I just started learning Rust last March, feel free to write rust PR part in any style you like, the ideomatics can be sorted out later.

The current implementation(Robj->polars_series; polars_series->Robj ) is just what I could come up with (relying heavily on extendr and rust-polars), and this impl requires re-allocation.

extendr have enabled to use the altRep-vector, which allows zero-copy immutable views. Another extendr contributor made a proof of concept it. I have not gotten to try implementing any of it.

some zero-copy view might bring a smoother user experience such that rpolars-'DataFrame' could be become a subclass of R "data.frame", just like "data.table" is a subclass thereof.

@paleolimbot
Copy link
Author

Cool cool!

I suppose you could use 'nanoarrow' the C library, although 'nanoarrow' the R package is what I had in mind.

I think the path would be something like:

At this point, you'd need to figure out how to get the ArrowArray pointer address into R. I'd have to do some reading up on Rust's ffi interface to learn how to do that (or maybe you know already). Then you can use:

# remotes::install_github("apache/arrow-nanoarrow/r")
array <- nanoarrow::nanoarrow_allocate_array()
nanoarrow::nanoarrow_pointer_move("the address of the Polars exported arrow array", array)
as.vector(array)
# or
arrow::as_arrow_array(array) # (which would be zero copy!)

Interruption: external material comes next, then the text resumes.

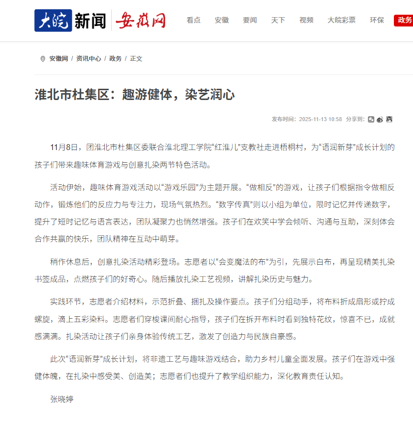 11月8日,团淮北市杜集区委联合beat365唯一官方网站“红淮儿”支教社走进梧桐村,为“语润新芽”成长计划的孩子们带来趣味体育游戏与创意扎染两节特色活动。对此,安徽网进行了报道:

The as.vector() implementation for nanoarrow's array can do zero-copy ALTREP but it's not implemented everywhere. Currently it's only implemented for character vectors since those are expensive to convert to R land.

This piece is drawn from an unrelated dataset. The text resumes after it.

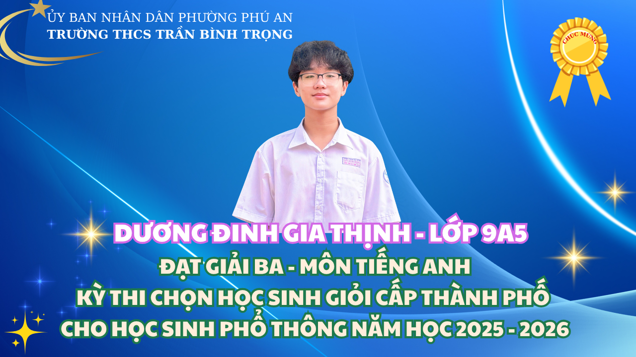 🥉 Dương Đinh Gia Thịnh (Lớp 9A5) – Giải Ba môn Tiếng Anh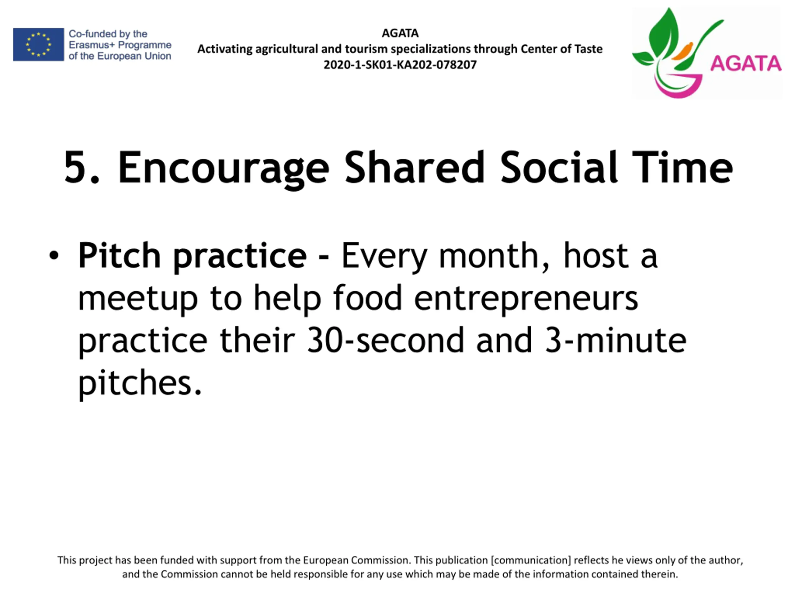 AGATA Activating agricultural and tourism specializations through Center of Taste 2020-1-SK01-KA202-078207 5. Encourage Shared Social Time Pitch practice - Every month, host a meetup to help food entrepreneurs practice their 30-second and 3-minute pitches. This project has been funded with support from the European Commission. This publication [communication] reflects he views only of the author, and the Commission cannot be held responsible for any use which may be made of the information contained therein.

For data frames as a whole, it looks like those are represented by something like list(chunked_arrays)? If you can figure out how to convert them into an ArrowArrayStream (maybe using this? https://pola-rs.github.io/polars/arrow2/ffi/fn.export_iterator.html ), you can do:

stream <- nanoarrow::nanoarrow_allocate_array_stream()
nanoarrow::nanoarrow_pointer_move("the address of the exported arrow array stream", stream)
as.data.frame(stream)
# or
arrow::as_record_batch_reader(stream) # (again, zero copy!)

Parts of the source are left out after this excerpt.